Three Dog Breeds Gain Full AKC Recognition
Club welcomes Irish Red and White Setter, Pyrenean Shepherd, and Norwegian Buhund.
Posted: January 17, 2009, 5 a.m. EST
The newest dog breeds to gain full recognition with the American Kennel Club (AKC) are the Irish Red and White Setter, Pyrenean Shepherd, and Norwegian Buhund.
The latest additions raise the AKC's total number of registered breeds to 161. The Irish Red and White Setter will join the Sporting Group while the Pyrenean Shepherd and the Norwegian Buhund join the Herding Group.
The American Kennel Club offers a brief history of the newly registered breeds:
Irish Red and White Setter
Its original purpose was as a versatile hunting companion, providing food — both fur and feather. The Irish Red and White Setter Association formed in America in 1997 to preserve the purebred Irish Red and White Setter and to maintain the heritage and unique qualities of the breed as a multi-talented gun dog. As a companion, they are loving, loyal, and best suited for an active family.

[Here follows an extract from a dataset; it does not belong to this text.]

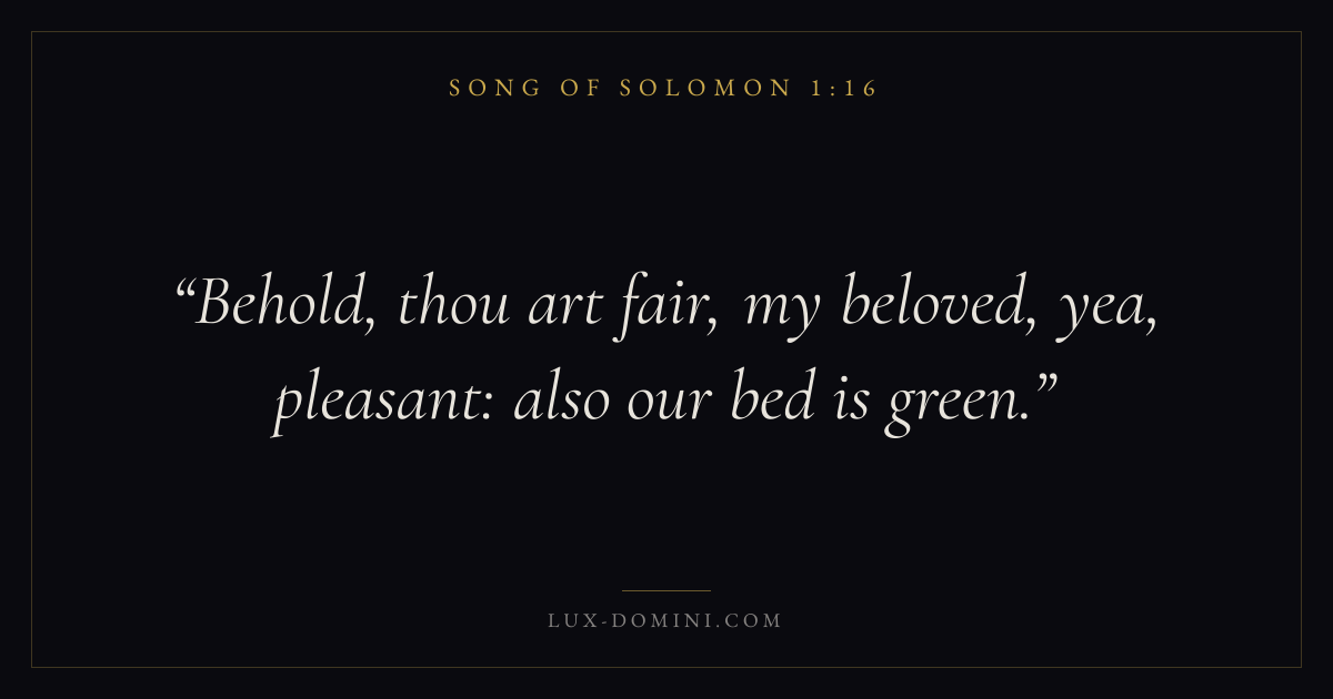 Books / Song of Solomon / Chapter 1 / Verse 16 ← Song of Solomon 1:15 Song of Solomon 1:16 Song of Solomon 1:17 → Behold, thou art fair, my beloved, yea, pleasant: also our bed is green. Download verse card Share on Twitter Share on Facebook Pin it ✦ Key themes LoveDesireBeautyUnion Read with Song of Solomon 1:17John 3:161 Corinthians 13:4 Related topics Bible verses about love ✦ Song of Solomon Chapter 1 verses V. 1 V. 2 V. 3 V. 4 V. 5 V. 6 V. 7 V. 8 V. 9 V. 10 V. 11 V. 12 V. 13 V. 14 V. 15 V. 16 V. 17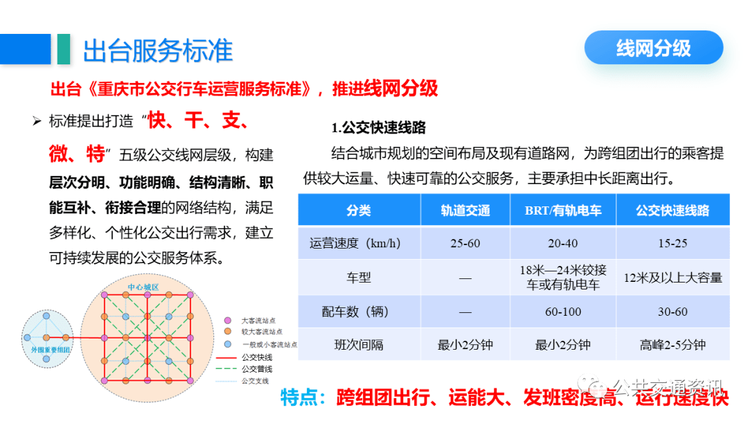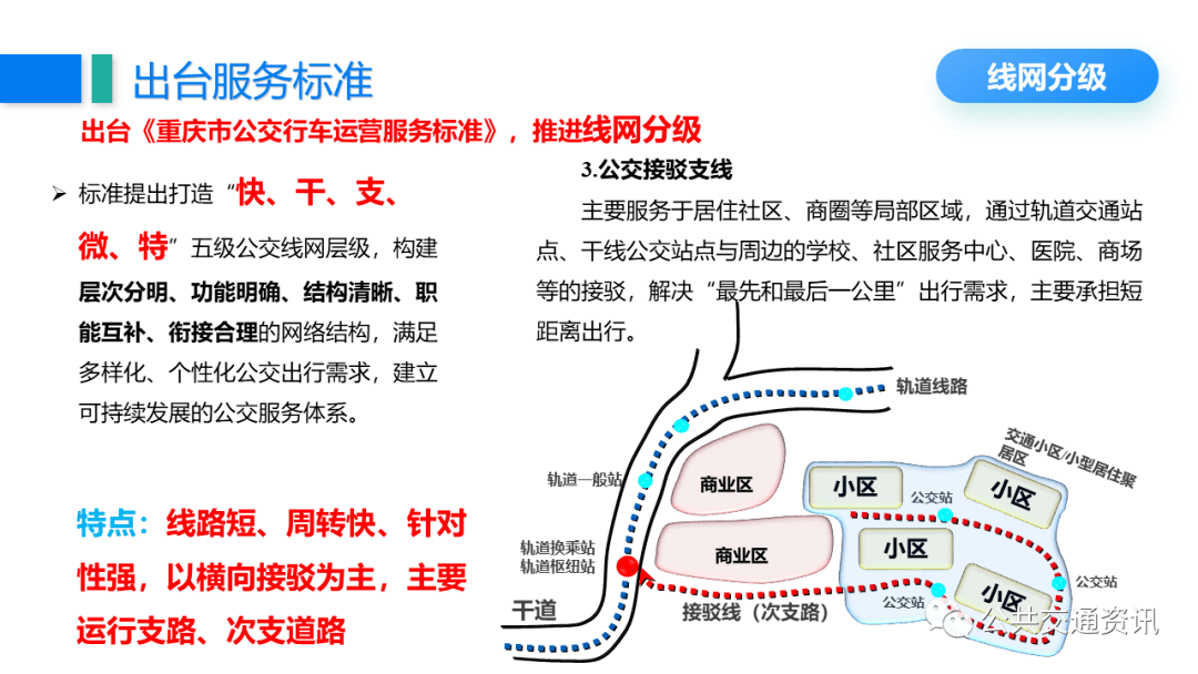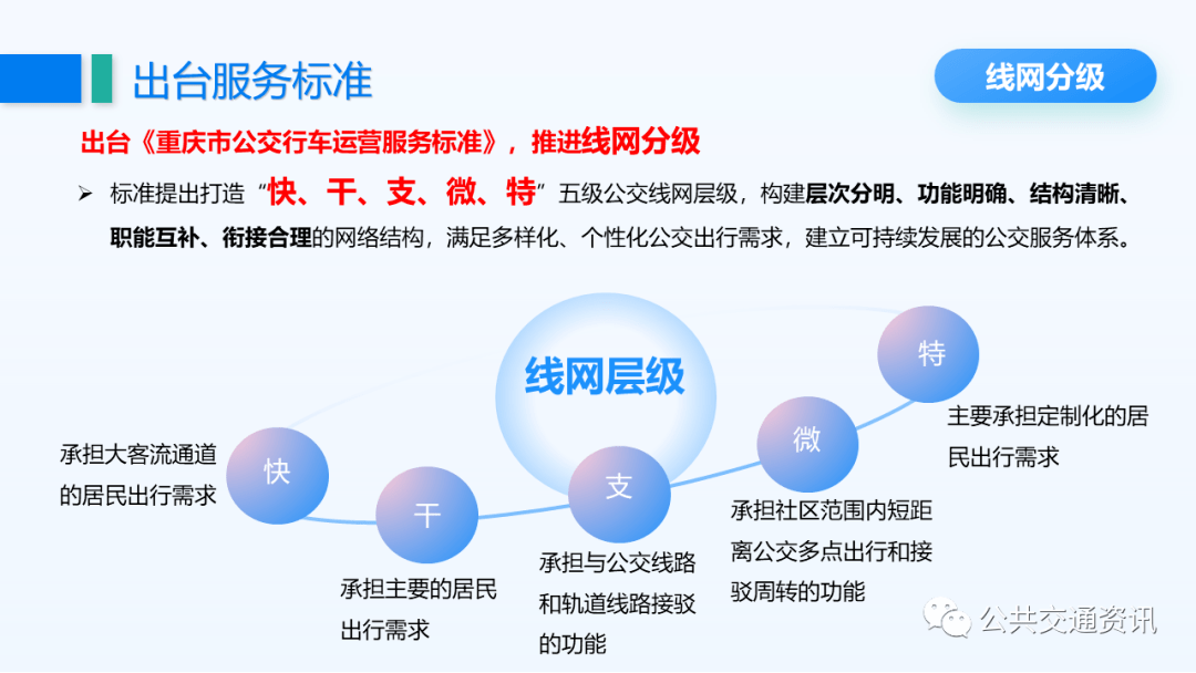 一是推进线网分级。标准提出打造“快、干、支、微、特”五级公交线网层级,构建层次分明、功能明确、结构清晰、职能互补、衔接合理的网络结构,满足多样化、个性化公交出行需求,建立可持续发展的公交服务体系。

The “Pyr Shep” has herded sheep in the Pyrenees Mountains of Southern France for centuries. The breed comes in two coat types — rough-faced and smooth-faced. It first distinguished itself outside its native mountains during its service to French troops during World War I. Hundreds of Pyr Sheps gave their lives for the cause as couriers, search-and-rescue dogs finding injured soldiers after battles, and accompanying guards on their rounds. Although tentative with strangers, the Pyrenean Shepherd has a lively, cheerful disposition, and is a superb canine athlete who excels at agility and other dog sports.
The Norwegian Buhund belongs to a large class of dogs called the Spitz type. The breed as we know it today, with its prick ears and curled tail, was nurtured in the rainy western coastlands of Norway where they herded sheep, guarded farms, and hunted bear and wolf. Besides working ability, Buhunds are trained to aid the hearing impaired, perform police work, and perform well in obedience and agility trials. In fact, the Buhund is considered by many to be the most trainable of the Spitz breeds. Today they work with livestock, guard home and family, and make wonderful companions for active people or families.
The breeds became eligible for full AKC registration and competition in their respective groups on Jan. 1.